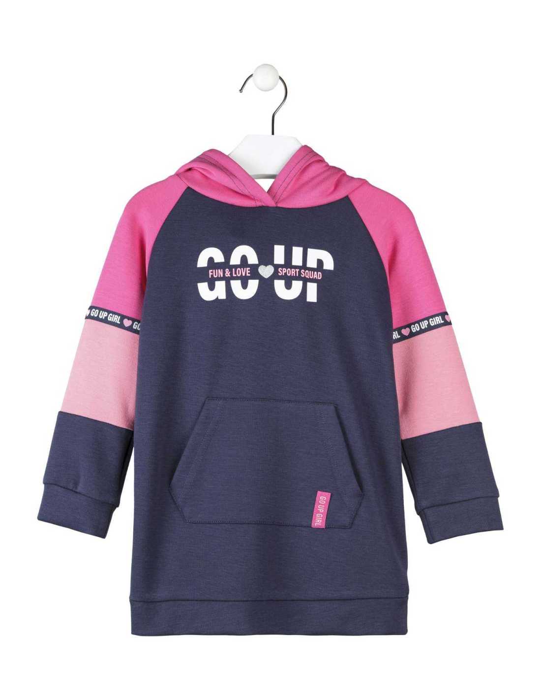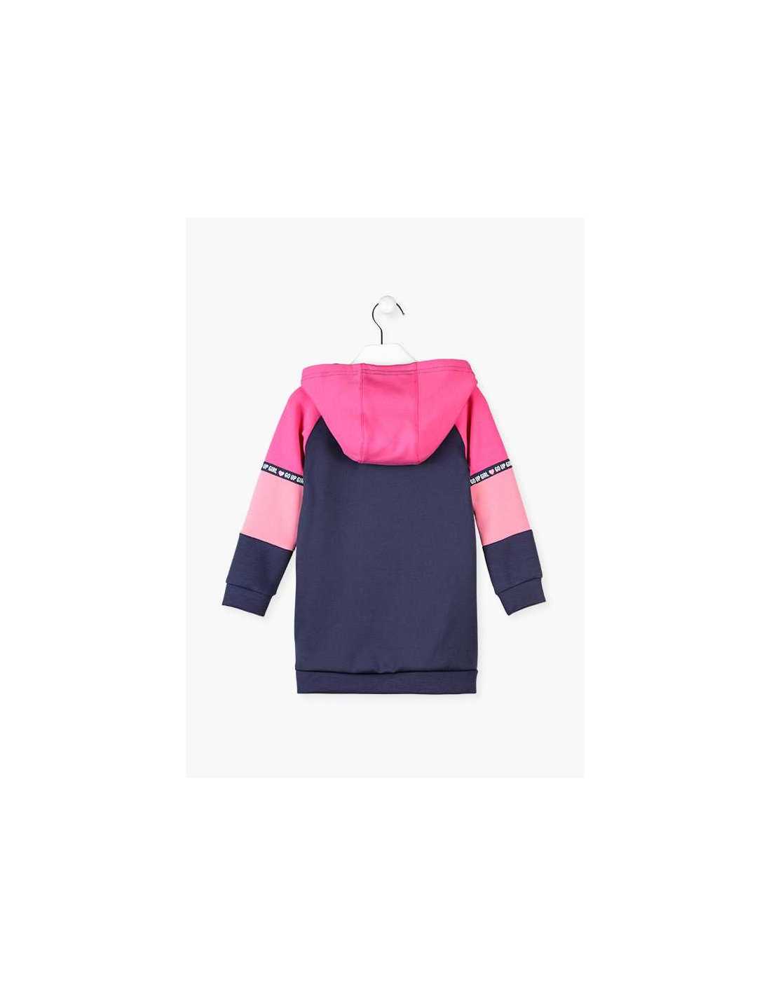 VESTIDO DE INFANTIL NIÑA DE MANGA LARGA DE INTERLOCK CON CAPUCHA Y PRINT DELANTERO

☆ ☆ ☆ ☆ ☆

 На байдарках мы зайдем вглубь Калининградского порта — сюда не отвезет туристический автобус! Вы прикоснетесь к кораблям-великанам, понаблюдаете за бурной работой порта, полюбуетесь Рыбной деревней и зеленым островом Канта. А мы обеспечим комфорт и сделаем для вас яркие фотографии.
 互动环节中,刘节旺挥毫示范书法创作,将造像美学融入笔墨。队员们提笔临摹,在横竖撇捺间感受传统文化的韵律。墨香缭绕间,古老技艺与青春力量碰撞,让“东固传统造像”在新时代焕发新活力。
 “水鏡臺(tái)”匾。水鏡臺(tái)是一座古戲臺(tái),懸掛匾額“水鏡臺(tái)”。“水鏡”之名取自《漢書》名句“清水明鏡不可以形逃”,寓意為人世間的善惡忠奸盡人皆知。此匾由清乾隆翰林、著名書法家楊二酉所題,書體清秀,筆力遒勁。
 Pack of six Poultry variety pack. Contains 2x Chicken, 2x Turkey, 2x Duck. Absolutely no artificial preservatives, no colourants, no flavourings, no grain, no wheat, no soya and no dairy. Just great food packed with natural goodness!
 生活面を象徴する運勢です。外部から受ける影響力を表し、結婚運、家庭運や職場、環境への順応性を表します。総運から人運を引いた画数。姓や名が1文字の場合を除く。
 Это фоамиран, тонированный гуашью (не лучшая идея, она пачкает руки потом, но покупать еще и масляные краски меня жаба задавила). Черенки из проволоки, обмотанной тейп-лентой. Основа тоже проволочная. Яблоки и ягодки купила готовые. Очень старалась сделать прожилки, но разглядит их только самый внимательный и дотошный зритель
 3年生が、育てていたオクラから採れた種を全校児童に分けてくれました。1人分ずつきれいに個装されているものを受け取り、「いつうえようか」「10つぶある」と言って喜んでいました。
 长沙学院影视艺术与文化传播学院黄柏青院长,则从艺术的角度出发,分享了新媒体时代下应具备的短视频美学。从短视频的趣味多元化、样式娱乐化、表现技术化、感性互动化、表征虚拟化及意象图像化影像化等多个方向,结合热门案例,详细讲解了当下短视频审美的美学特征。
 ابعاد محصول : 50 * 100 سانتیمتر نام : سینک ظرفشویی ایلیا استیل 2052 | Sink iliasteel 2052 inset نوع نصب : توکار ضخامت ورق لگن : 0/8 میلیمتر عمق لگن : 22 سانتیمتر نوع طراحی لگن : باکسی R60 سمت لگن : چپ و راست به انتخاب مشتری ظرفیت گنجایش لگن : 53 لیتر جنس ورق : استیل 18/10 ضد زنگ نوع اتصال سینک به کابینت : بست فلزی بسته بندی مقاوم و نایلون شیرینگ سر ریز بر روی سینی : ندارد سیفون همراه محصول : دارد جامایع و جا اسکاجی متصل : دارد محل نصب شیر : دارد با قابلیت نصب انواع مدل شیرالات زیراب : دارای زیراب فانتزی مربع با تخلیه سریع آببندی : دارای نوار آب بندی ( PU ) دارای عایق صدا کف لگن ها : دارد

☆ ☆ ☆ ☆ ☆

**Problem statement**
Copy out the range of lines above starting at the line with "生活面を象徴する運勢です。外" and ending at the line with "ابعاد محصول : 50", exactly and including both.

**Answer to this exercise**
 生活面を象徴する運勢です。外部から受ける影響力を表し、結婚運、家庭運や職場、環境への順応性を表します。総運から人運を引いた画数。姓や名が1文字の場合を除く。
 Это фоамиран, тонированный гуашью (не лучшая идея, она пачкает руки потом, но покупать еще и масляные краски меня жаба задавила). Черенки из проволоки, обмотанной тейп-лентой. Основа тоже проволочная. Яблоки и ягодки купила готовые. Очень старалась сделать прожилки, но разглядит их только самый внимательный и дотошный зритель
 3年生が、育てていたオクラから採れた種を全校児童に分けてくれました。1人分ずつきれいに個装されているものを受け取り、「いつうえようか」「10つぶある」と言って喜んでいました。
 长沙学院影视艺术与文化传播学院黄柏青院长,则从艺术的角度出发,分享了新媒体时代下应具备的短视频美学。从短视频的趣味多元化、样式娱乐化、表现技术化、感性互动化、表征虚拟化及意象图像化影像化等多个方向,结合热门案例,详细讲解了当下短视频审美的美学特征。
 ابعاد محصول : 50 * 100 سانتیمتر نام : سینک ظرفشویی ایلیا استیل 2052 | Sink iliasteel 2052 inset نوع نصب : توکار ضخامت ورق لگن : 0/8 میلیمتر عمق لگن : 22 سانتیمتر نوع طراحی لگن : باکسی R60 سمت لگن : چپ و راست به انتخاب مشتری ظرفیت گنجایش لگن : 53 لیتر جنس ورق : استیل 18/10 ضد زنگ نوع اتصال سینک به کابینت : بست فلزی بسته بندی مقاوم و نایلون شیرینگ سر ریز بر روی سینی : ندارد سیفون همراه محصول : دارد جامایع و جا اسکاجی متصل : دارد محل نصب شیر : دارد با قابلیت نصب انواع مدل شیرالات زیراب : دارای زیراب فانتزی مربع با تخلیه سریع آببندی : دارای نوار آب بندی ( PU ) دارای عایق صدا کف لگن ها : دارد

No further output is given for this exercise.